The Father deserves our praise; He has it coming to Him. More than that, it is the Godhead alone that deserves this unique worship.
That they may know that You alone, whose name is the Lord,
Are the Most High over all the earth.
It is something of pristine eloquence and beauty to enter the sanctuary of the Lord—be it the sanctuary of the corporate church or the sanctuary of our heart—to kneel before Him in utter humility, and to bring honor and glory to the Father simply because He deserves it.
We are to carry no agendas to the altar—no hidden, ulterior motives. We are to enter into worship without thought of self; for the moment at least, our petitions are to remain stuffed into our back pocket.
We are to offer up our worship of Him for one reason only: He deserves it. God alone is worthy of our praise and adoration. And the words we offer are to bear no weight of self; they are to describe and proclaim only His holiness and worth-ship.

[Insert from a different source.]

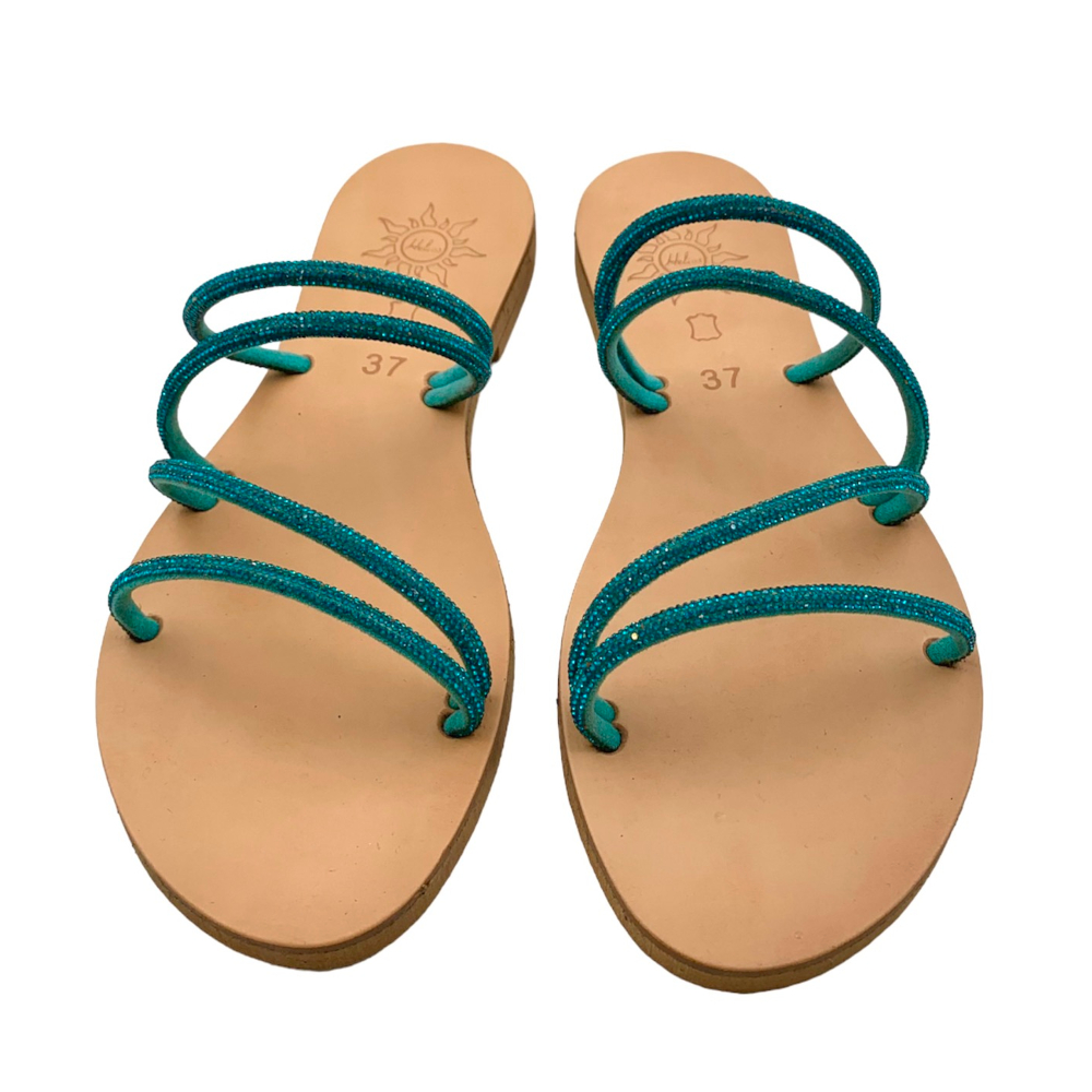 Γυναικεία χειροποίητα σανδάλια Ελληνικής κατασκευής σε χρώμα φυσικό. Διαθέτουν λουρί από στρας σε χρωμα blue zircon (τυρκουάζ) στο πάνω μέρος, οικολογικό πάτο κι ελαφριά cel σόλα. Φόρμα κανονική.

Worship is for the Lord and no one else.
There is none great in the church but the Lord. Jesus is "the great Shepherd," he is "a Saviour, and a great one," our great God and Saviour, our great High Priest; his Father has divided him a portion with the great, and his name shall be great unto the ends of the earth. According to his nature should his worship be; it cannot be too constant, too laudatory, too earnest, too reverential, too sublime. There is none like the Lord, and there should be no praises like his praises.